Feb 13, 2018
Study finds competition massively outspending U.S. on export promotion

A study conducted by Informa Economics and funded by the National Potato Council, released Feb.9, showed several foreign governments outspending the U.S. by 4 to 1 on agricultural export promotion. The report focused on the European Union, Australia, Chile, China and New Zealand.

“The total public investment alone from just the EU and four European countries is expected to exceed $550 million in 2019, which is more than twice what the U.S. government authorizes for agricultural export development under the farm bill,” said Mark Powers, president of the Northwest Horticultural Council and chairman of the Coalition to Promote U.S. Agricultural Exports.

The combined countries had increased their spending by 70 percent since 2011. During the same time, U.S. spending on agricultural export promotion declined by 12 percent due to the 2013 budget sequester and inflation.

The NPC said it is a strong supporter of enhancing funds for these vital USDA programs.

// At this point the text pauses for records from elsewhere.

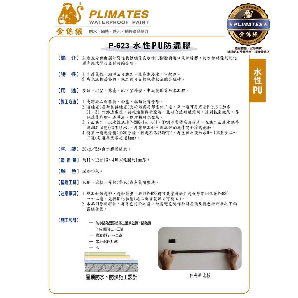 【Plimates 金絲猴】P-623 水性PU防漏膠 黑咖啡-5加侖裝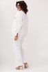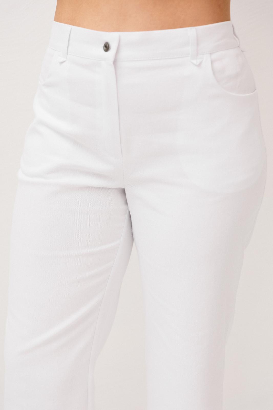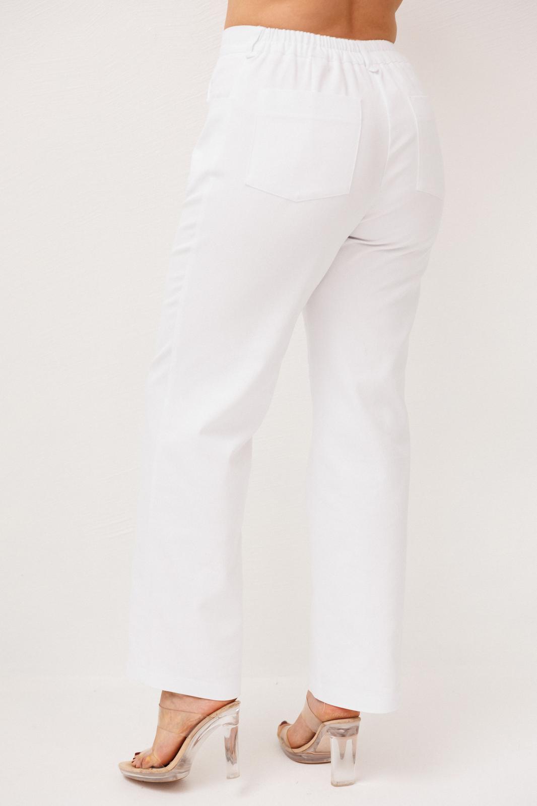 Прямой крой и высокая посадка красиво подчеркивают силуэт и обеспечивают безупречную посадку по фигуре. Застёжка на молнию, петлю и пуговицу аккуратно фиксирует изделие по линии талии, а пояс по спинке добавляет удобства и мягко адаптируется к фигуре.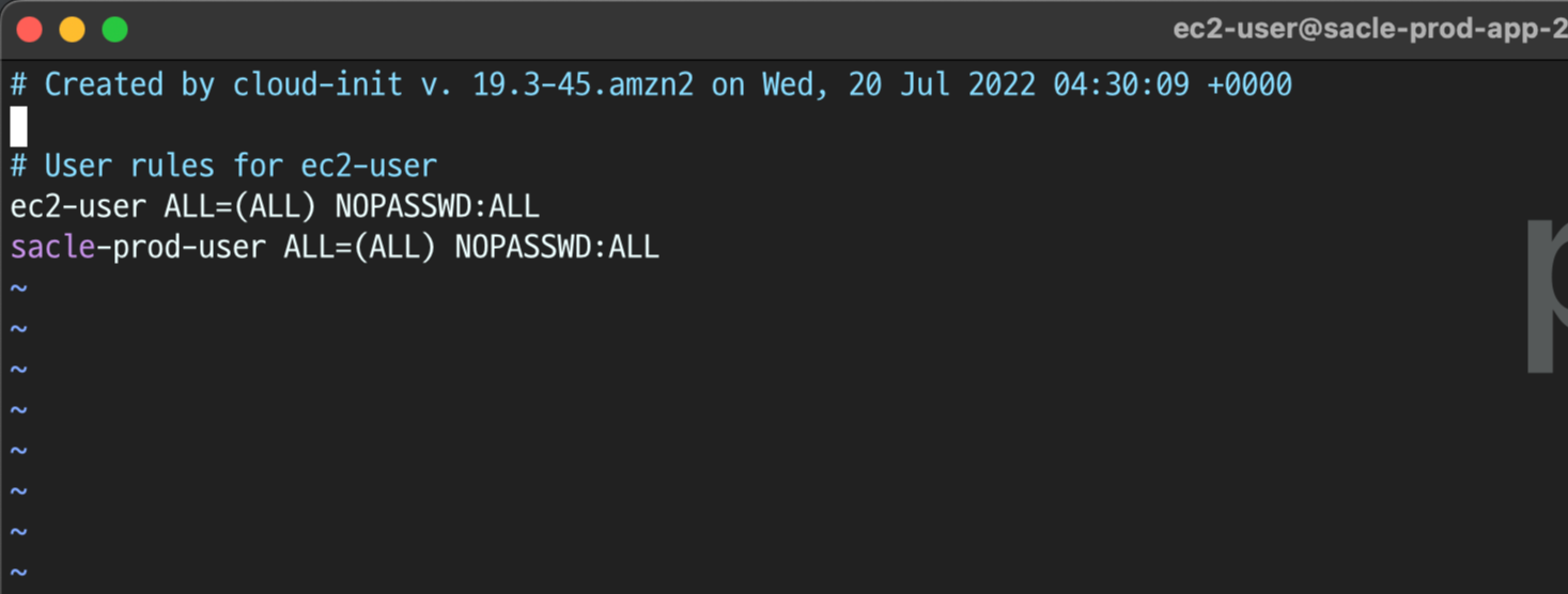 ec2-user ALL=(ALL) NOPASSWD:ALL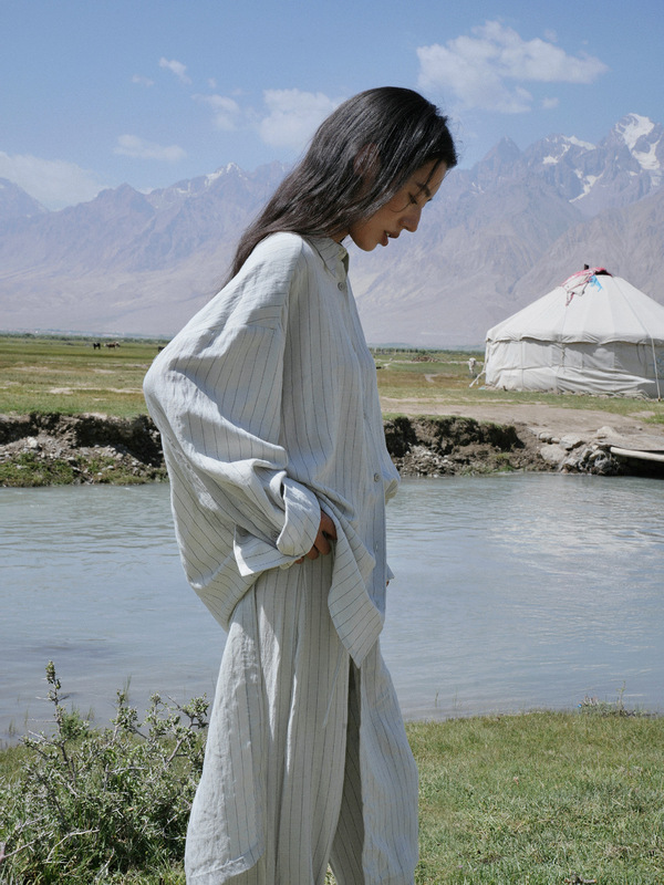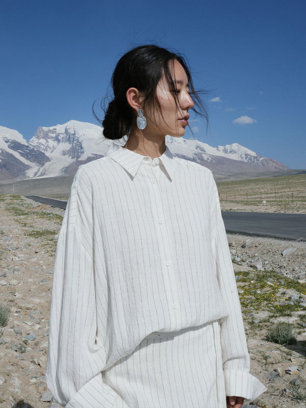 2025棉麻条纹亚麻宽松极简高级感衬衣女秋季新款252567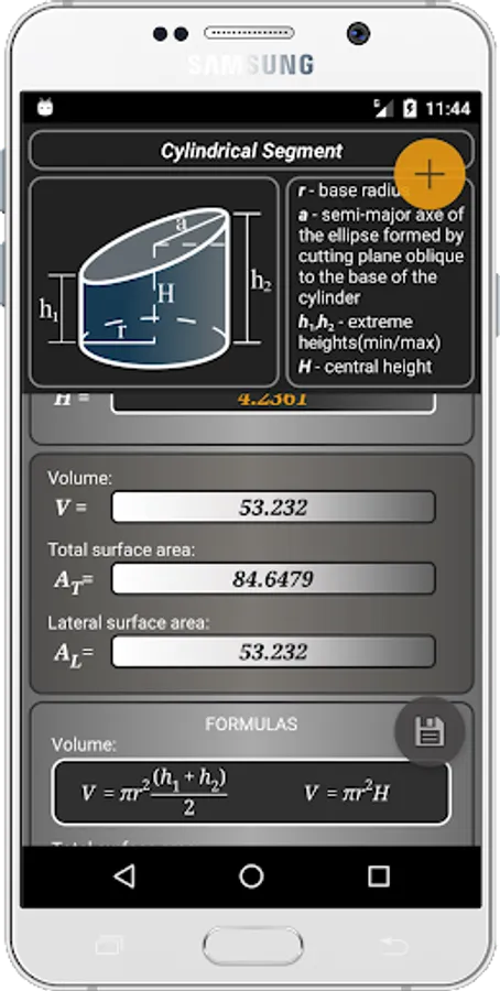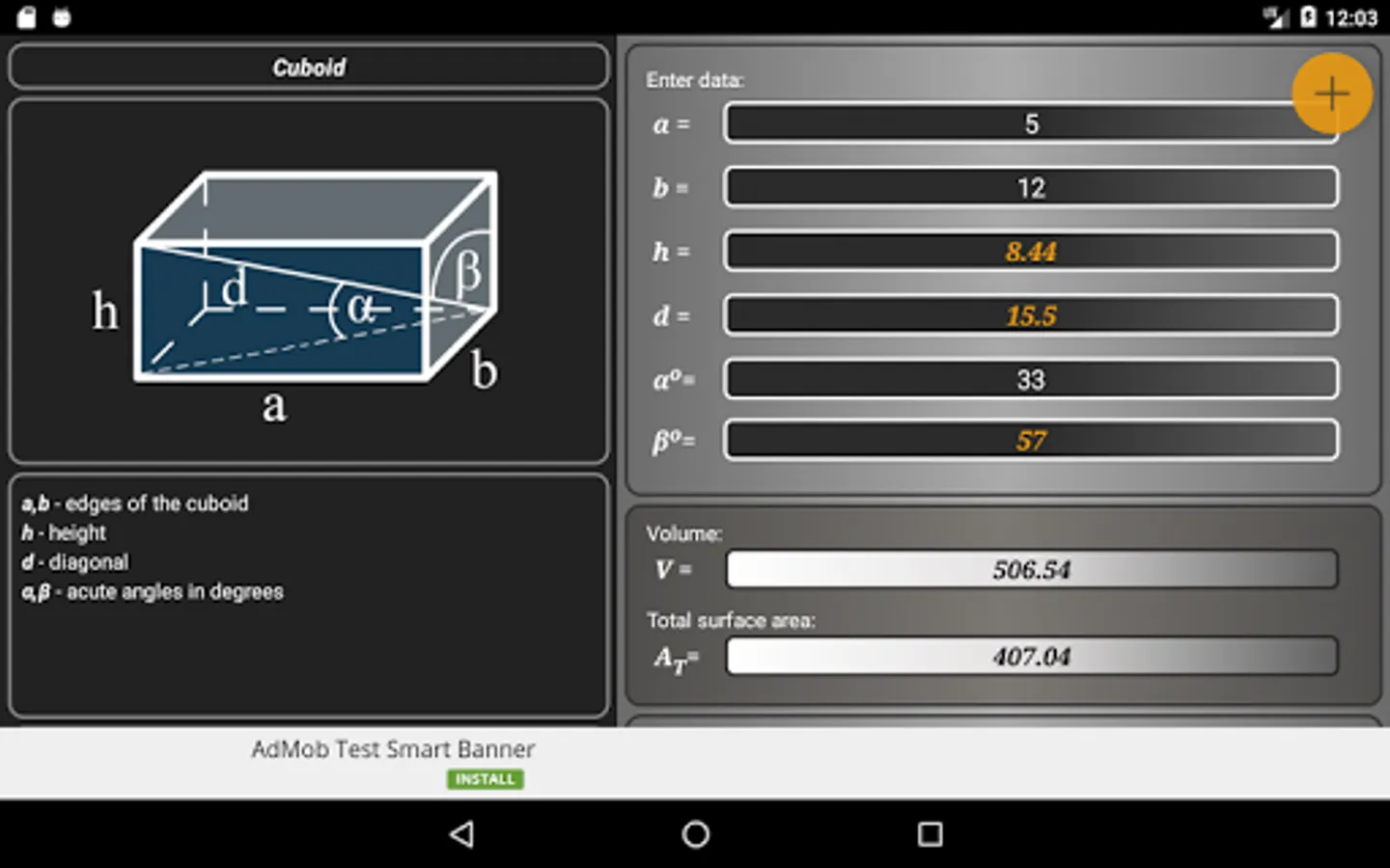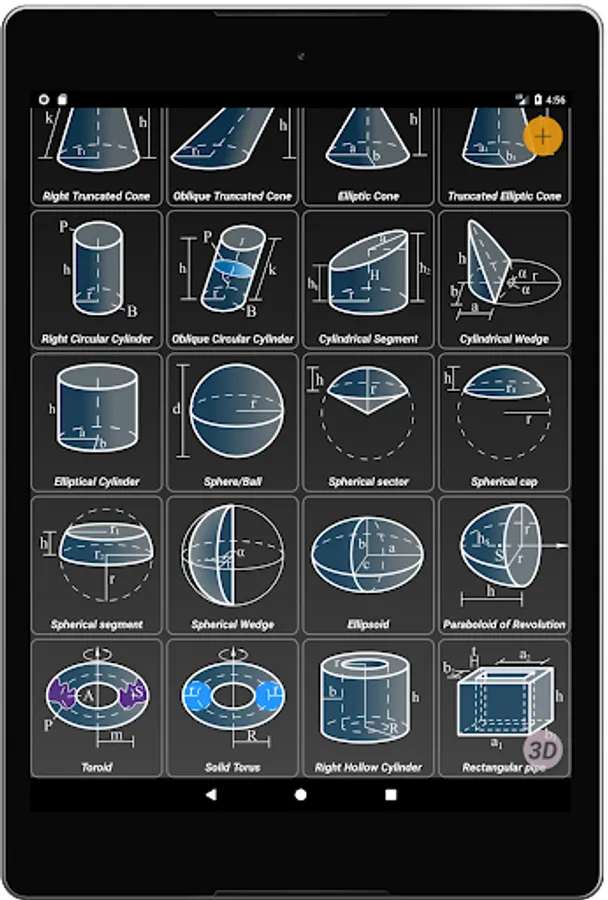 The application calculates an area, perimeter, circumference, diagonal length, volume, coordinates of the geometric centroid, height, side lenght, angle (acute, right, obtuse, straight, reflex), radius (inner, outer), edges, arc length, line segments, base area, lateral surface area and total surface area of three-dimensional geometric shapes.

“Previous studies have indicated that the Market Access Program (MAP) and the Technical Assistance for Specialty Crops (TASC) program deliver huge returns to the U.S. economy,” said Kam Quarles, vice president of public policy for the NPC. “We need to keep pace with the competitive global marketplace by enhancing these investments in the next Farm Bill.”

The executive summary of the Informa Economics competitive study, and more in-depth information about MAP and FMD programs and their outcomes, are posted online at www.AgExportsCount.org.